Return the number of islands in grid2 that are considered sub-islands.

 

Example 1:

Input: grid1 = [[1,1,1,0,0],[0,1,1,1,1],[0,0,0,0,0],[1,0,0,0,0],[1,1,0,1,1]], grid2 = [[1,1,1,0,0],[0,0,1,1,1],[0,1,0,0,0],[1,0,1,1,0],[0,1,0,1,0]]
Output: 3
Explanation: In the picture above, the grid on the left is grid1 and the grid on the right is grid2.
The 1s colored red in grid2 are those considered to be part of a sub-island. There are three sub-islands.

Example 2:

Input: grid1 = [[1,0,1,0,1],[1,1,1,1,1],[0,0,0,0,0],[1,1,1,1,1],[1,0,1,0,1]], grid2 = [[0,0,0,0,0],[1,1,1,1,1],[0,1,0,1,0],[0,1,0,1,0],[1,0,0,0,1]]
Output: 2 
Explanation: In the picture above, the grid on the left is grid1 and the grid on the right is grid2.
The 1s colored red in grid2 are those considered to be part of a sub-island. There are two sub-islands.

 

Constraints:

  • m == grid1.length == grid2.length
  • n == grid1[i].length == grid2[i].length
  • 1 <= m, n <= 500
  • grid1[i][j] and grid2[i][j] are either 0 or 1.

1905. Count Sub Islands

Description

Given two binary matrices grid1 and grid2 of size m x n, where 1 represents land and 0 represents water, find the number of sub-islands in grid2. A sub-island in grid2 is an island whose cells are all also part of an island in grid1.

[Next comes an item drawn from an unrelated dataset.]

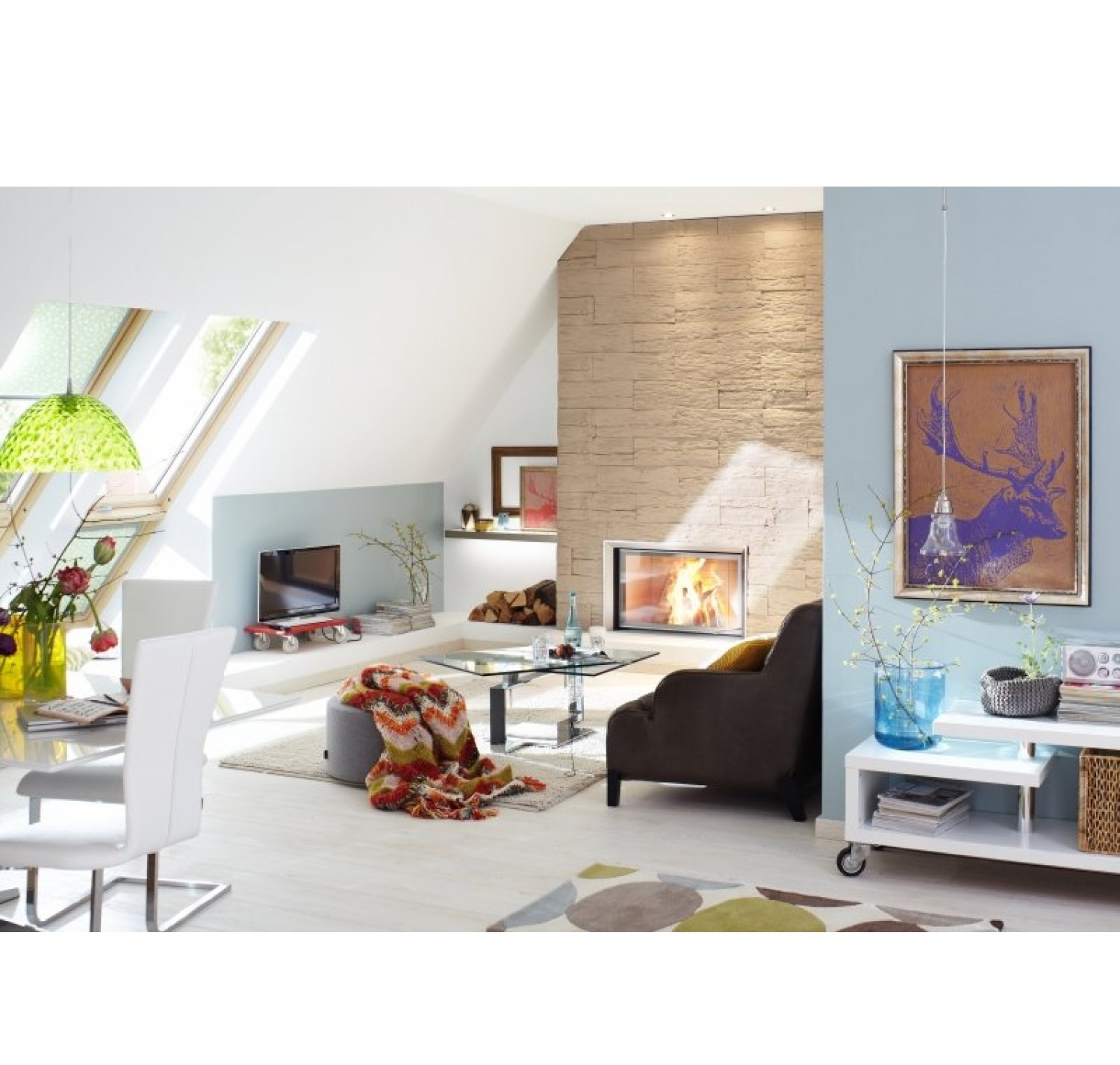 Каминная топка с прямым стеклом. Топочная камера футерована шамотом. Подъёмный механизм двери (система Easy-Lift). Ширина дверки 851 мм. Высота дверки 502 мм. Возможно подключение воздуха извне.

Solution: Depth-First Search (DFS)

This problem can be efficiently solved using Depth-First Search (DFS). The core idea is to iterate through grid2. Whenever we encounter a land cell (value 1), we initiate a DFS to explore the entire connected island. During this DFS, we simultaneously check if each cell in the island is also land in grid1. If even one cell in the grid2 island is water in grid1, the entire grid2 island is not a sub-island.

Algorithm

  1. Iterate: Traverse grid2 row by row and column by column.
  2. DFS Initiation: If a cell grid2[i][j] is 1 (land), start a DFS exploration from that cell.
  3. DFS Exploration:
    • Mark the current cell as visited in grid2 by setting it to 0.
    • Check if the corresponding cell in grid1 is also 1. If not, the island is not a sub-island, so we set isSubIsland to false.
    • Recursively explore the four adjacent cells (up, down, left, right).
  4. Sub-island Check: After the DFS for a connected component completes, if isSubIsland is still true, increment the count of sub-islands.

Time and Space Complexity

  • Time Complexity: O(M * N), where M and N are the dimensions of the grid. We visit each cell at most once.
  • Space Complexity: O(M * N) in the worst case, due to the recursive call stack of the DFS. In practice, it could be less depending on the structure of the islands.

Code (Python)

def countSubIslands(grid1, grid2):
    m, n = len(grid1), len(grid1[0])
    count = 0
 
    def dfs(i, j):
        if not (0 <= i < m and 0 <= j < n and grid2[i][j] == 1):
            return True  # Base case: out of bounds or water
 
        grid2[i][j] = 0  # Mark as visited
 
        is_sub_island = grid1[i][j] == 1  # Check if this cell is land in grid1
 
        is_sub_island &= dfs(i + 1, j)  # Explore down
        is_sub_island &= dfs(i - 1, j)  # Explore up
        is_sub_island &= dfs(i, j + 1)  # Explore right
        is_sub_island &= dfs(i, j - 1)  # Explore left
 
        return is_sub_island
 
    for i in range(m):
        for j in range(n):
            if grid2[i][j] == 1:
                if dfs(i, j):
                    count += 1
 
    return count
 

The code in other languages (Java, C++, Go, TypeScript, JavaScript) follows a very similar structure, using the same DFS logic. The primary difference would be in syntax and data structure handling specific to each language. The core algorithm remains the same.